Trial Design and Objectives

The trial involved administering ESK981 orally daily for five days, followed by a two-day break. Nivolumab was given intravenously on the first day of each 28-day cycle.

Primary endpoints:

● 50% reduction in prostate-specific antigen (PSA50)

● Safety

Secondary endpoints:

● Radiographic progression-free survival (rPFS)

● Overall survival (OS)

Disappointing Results and Early Termination

Despite the promising rationale, the trial was terminated early due to futility after enrolling only ten patients. The combination therapy failed to demonstrate significant antitumor activity. Only one patient achieved a maximum PSA decline of 14% from baseline.

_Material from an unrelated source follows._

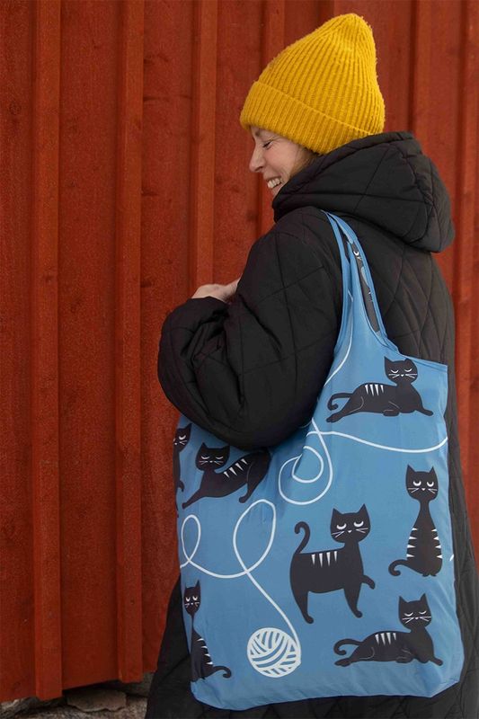 Shoppingpåse från märket Pluto Produkter, blå bakrungsfärg med fint mönster av svarta kattsiluetter.

The median rPFS was 3.7 months, and the median OS was 9.6 months. While the treatment was generally well-tolerated, some patients experienced Grade 3 adverse events such as fatigue, anemia, and lymphopenia. Notably, no Grade 4 events were observed.

Still positive, I repeat myself that there are 150 companies testing 166 drugs/treatments for prostate cancers (at various stages)...we must get at least 3 to work!